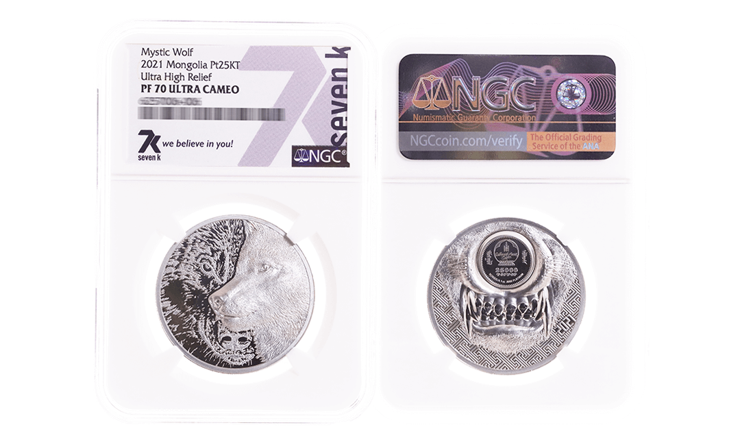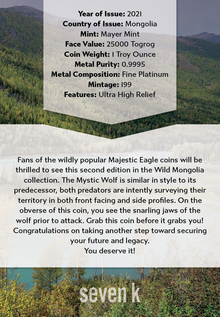 Coin #4: 2021 Wild Mongolia Mystic Wolf 1oz Platinum Coin PF70
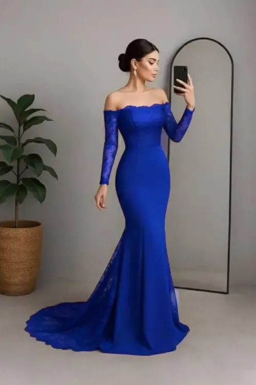 فستان مخمل كريستال اجنبي دانتيل كابيه اجنبي مستورد 38/40/42/44/ موف/ نيلي/ حلب
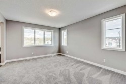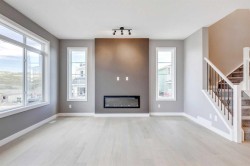 Please enjoy a virtual tour of this immaculate and beautifully designed home, ideally situated in one of Cochrane’s most convenient and sought-after neighbourhoods! Located on a large corner lot directly across from central Reindeer Park, this spacious 3-bedroom, 2.5-bath home offers over 2,000 sq ft of stylish and comfortable living space—perfect for larger or upscaling families. From the moment you step through the grand 8' front door, you'll be greeted by soaring 9' ceilings, oversized windows, and gleaming hardwood floors that flow throughout the foyer, hallway, great room, kitchen, and nook—creating a warm and elegant atmosphere. The open floor plan enhances the sense of space and flow, ideal for both everyday living and entertaining. The stunning kitchen features dual-colour quartz countertops and cabinetry, a tiled walk-through pantry connecting to the mudroom, stainless steel appliances including a self-cleaning gas range, a built-in microwave, and a dishwasher. A spacious great room anchored by a sleek Napoleon Alluravision fireplace adds a cozy yet modern touch. Upstairs, the generous master bedroom includes a luxurious 5-piece ensuite with dual quartz vanities, undermounted sinks, a deep soaker tub beneath a bright window, and an oversized tiled shower. A large, separate walk-in closet provides ample space. The upper floor also boasts a forward-facing bonus room with a dramatic two-sided vaulted ceiling, two additional good-sized bedrooms with double-door closets, a main bath with quartz countertops, and a bright upper-floor laundry room with linen storage and tiled flooring. This home sits on a quiet street in a family-friendly area, less than 5 minutes from elementary, junior high, and high schools, and under 8 minutes to grocery stores, parks, coffee shops, and restaurants. With easy access to downtown Calgary (just 40 minutes away) and the Tuscany LRT station (only 25 minutes away), convenience is at your doorstep. Beautiful, elegant, and functional—this home has it all. Book your private showing today!
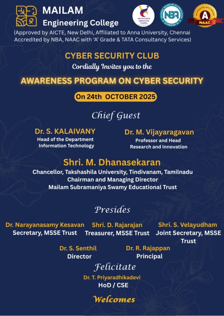 The Department of Computer Science and Engineering at Mailam Engineering College, through the Cyber Security Club in association with IQAC and IIC, is conducting an Awareness Program on Cyber Security on 24th October 2025 for all second and third-year MEC students.
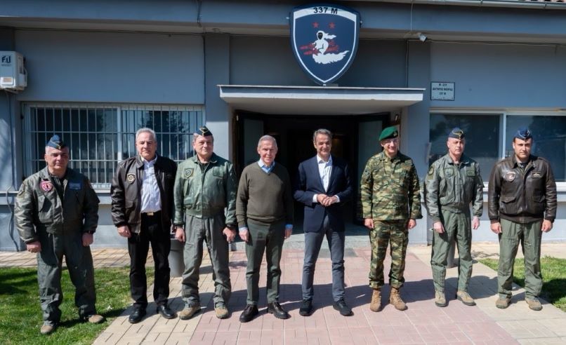 Τον Πρωθυπουργό Κυριάκο Μητσοτάκη συνόδευσε ο Υφυπουργός Εθνικής Άμυνας Θανάσης Δαβάκης στην επίσκεψή του, σήμερα Σάββατο 14 Μαρτίου 2026, στην 337 Μοίρα της 110 Πτέρυγας Μάχης (ΠΜ) και στο Εθνικό Κέντρο Αεροπορικών Επιχειρήσεων στην Αεροπορική Βάση Λάρισας. Εκεί τους υποδέχθηκαν ο Αρχηγός ΓΕΕΘΑ Στρατηγός Δημήτριος Χούπης, ο Αρχηγός ΓΕΑ Αντιπτέραρχος (Ι) Δημοσθένης Γρηγοριάδης και ο Αρχηγός Τακτικής Αεροπορίας Αντιπτέραρχος (Ι) Παναγιώτης Γεωργακόπουλος.
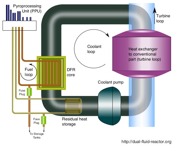 Certains isotopes radioactifs pourraient se former dans le plomb après un long séjour dans le réacteur, mais ils se transmutent en un isotope stable du plomb. De plus, le plomb ne ralentit pas les neutrons rapides autant que le sodium. Ainsi, un réacteur refroidi au plomb comme le DFR, duquel les produits de fission sont extraits en continu (car ceux-ci peuvent absorber les neutrons) contiendra un plus grand nombre de neutrons disponibles pour accomplir le travail.
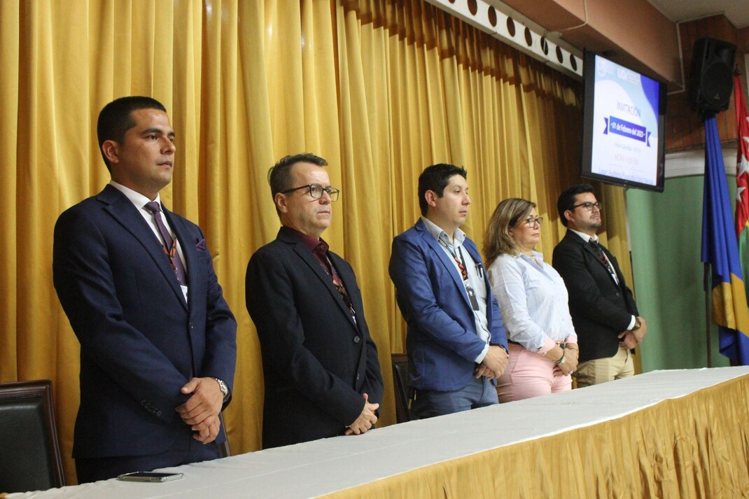 Imagen: Mesa principal, de izquierda a derecha, Secretario General, Abogado Wilson Rey Pedroza, Vicerrector Administrativo CP Juan Carlos Yepes Patiño, Vicerrector Académico Mag. Néstor Guillermo Rodríguez, Directora de Relaciones Internacionales e Interinstitucionales, Mag Ing. Martha Cecilia Guarnizo García, Director de Investigaciones, Mag. Johan Hernán Pérez.
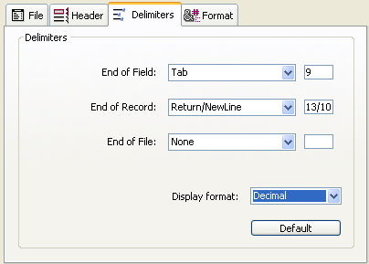区切り文字 (デリミター) については、フィールド、レコード、ファイルの区切り文字で詳しく説明しています。デフォルトの区切り文字を変更するには、ドロップダウンリストに表示される、各区切り文字として最も頻繁に用いられる値から選択します。また、右側の入力エリアに区切り文字を直接入力して指定することも可能です。
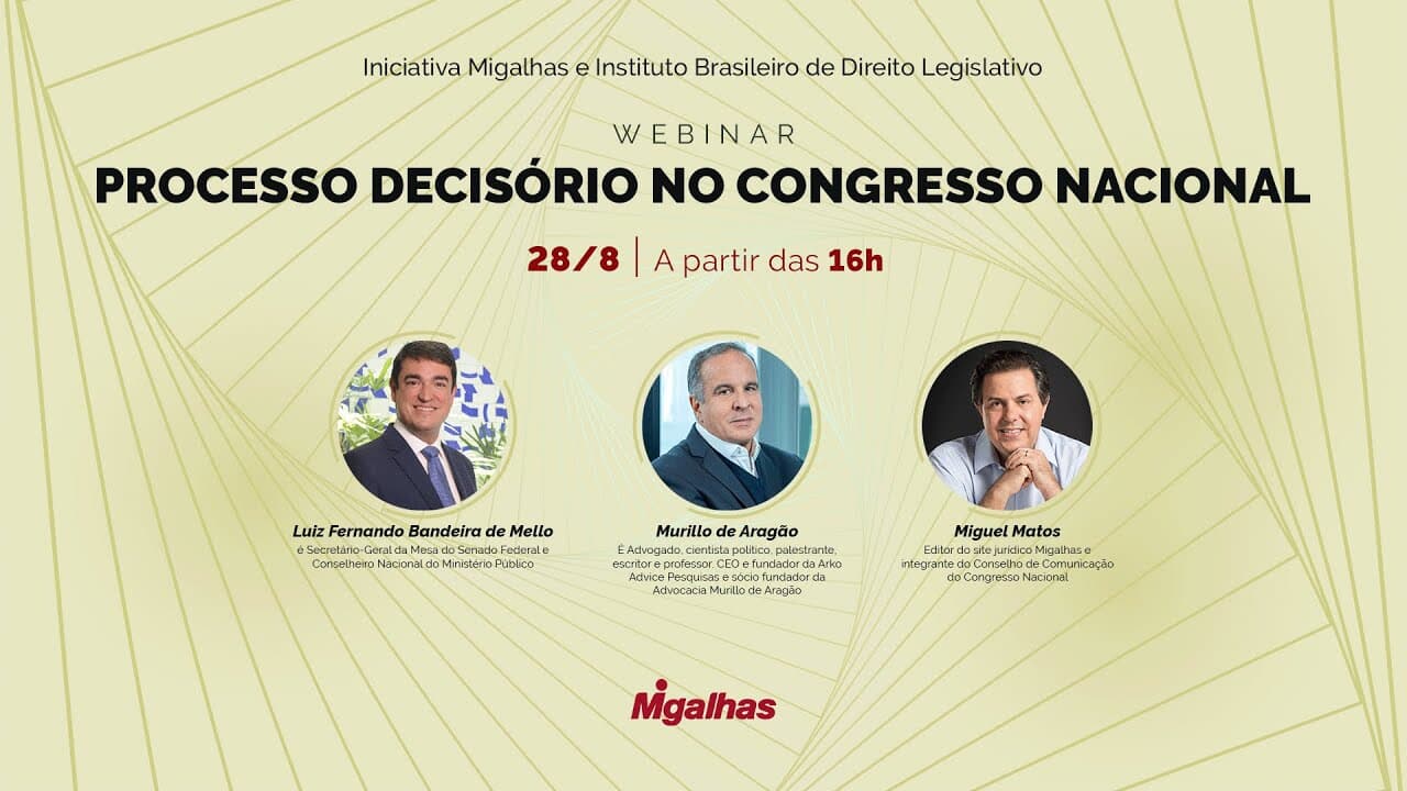 Para discutir o "Processo decisório no Congresso Nacional" Migalhas realiza webinar no dia 28/8, sexta-feira, às 16h.
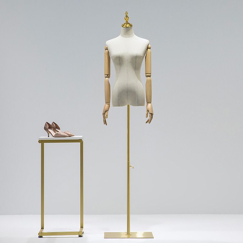 Женский манекен для шоурумов и магазинов одежды с деревянными руками.
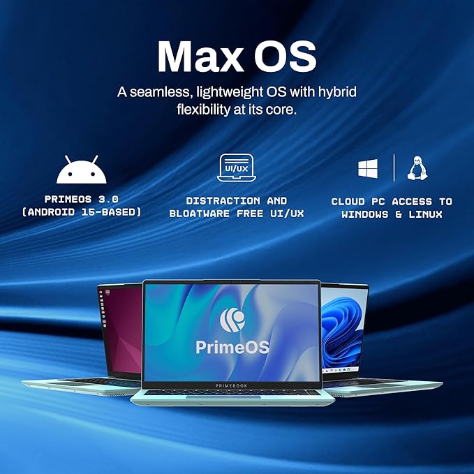 • Android 15-based PrimeOS 3.0: Experience the full Android ecosystem on a laptop-optimised interface. Enjoy multi-window multitasking, full-screen app support, a desktop-style file manager, browser, and smooth keyboard + trackpad input for true laptop functionality.
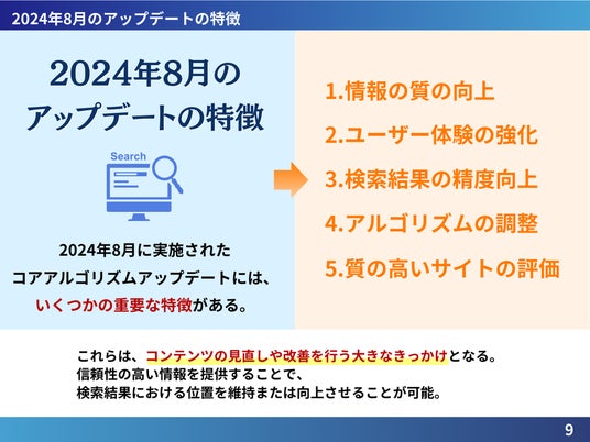 アップデート後の状況に基づいた評価や、その評価をもとにした効果的なアプローチについて言及しています。また、Googleのアルゴリズム変更に関連する基本的な知識や注意点についても触れています。
#####
Task requirements> From the opening line of the entries above to the line containing "فستان مخمل كريستال", please transcribe each line exactly, skipping every picture.

Written answer>
 Coin #4: 2021 Wild Mongolia Mystic Wolf 1oz Platinum Coin PF70
 فستان مخمل كريستال اجنبي دانتيل كابيه اجنبي مستورد 38/40/42/44/ موف/ نيلي/ حلب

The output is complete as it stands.